I really needed to read this book and I’m sure I will be reading it again at some point. I must admit, I have butted heads a lot with our oldest son. We are similar in some traits and compete for the podium. Some times I get so frustrated with him I literally just don’t like him at all. And my attitude shows it.
I think one of the things I have learned more about from this book is that I really need to focus more on what he has done right not so much where he can improve on what he has done right. I view myself as a teacher and teachers correct their pupils mistakes.
I also have been reminded that just because I do not see any improvement in him doesn’t mean that the correction and teaching and love I am giving him is going unnoticed or implemented. I must remind myself on a daily basis that he is human, inexperienced, different, and a child.
Being a mother that cares and desires her children to be warriors for Christ is so very difficult and hard. I must hold balance in love and discipline, in patience and efficiency in my expectations and grace. Constantly reviewing the fact that I to am human, flawed and corrupt. Christ and his grace must be accepted by me first, and only then can it be passed into another soul. For I cannot give away and teach that which I do not have or understand.

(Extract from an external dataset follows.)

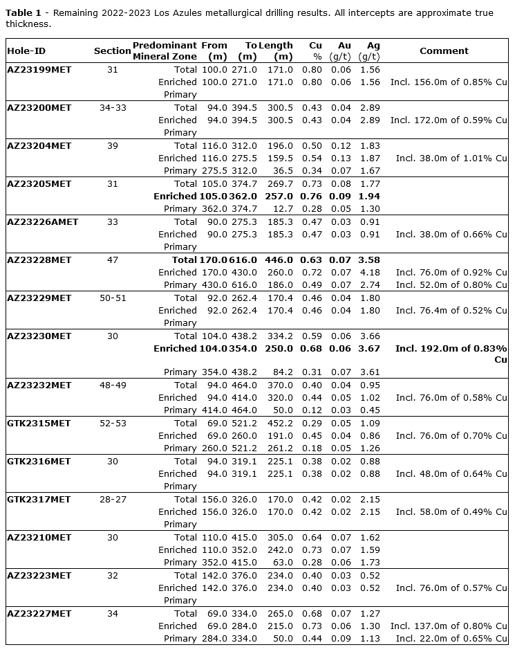 Hole AZ23230MET returned 250 m of 0.68% Cu in the Enriched zone, including 192 m of 0.83% Cu.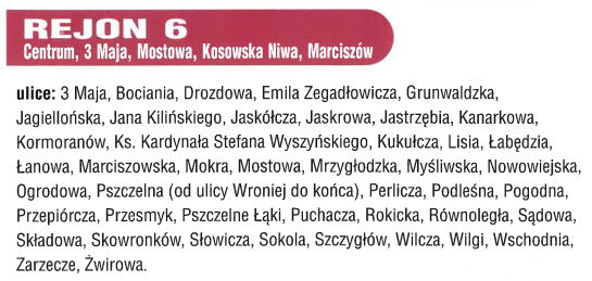 Rejon 6 – Centrum, 3 Maja, Mostowa, Kosowska Niwa, Marciszów

Really, attitude change in my son starts with me.
To fully accept my son, I must fully accept myself and to give him grace, I must allow it to myself.
So much easier said then done. The first step to improvements is recognizing there is a problem. I’m
going to warp him, I know I will! Hopefully it will just be a small warp-age !
So, this reminds me of a cute story about when our oldest daughter was about 3 and she was playing with play dough at the table. She was rolling out littlerolls of dough and sweetly looked up at me and said, ” mommy, would you like big or little mistakes?” I replied the smallest you can do please! Ha!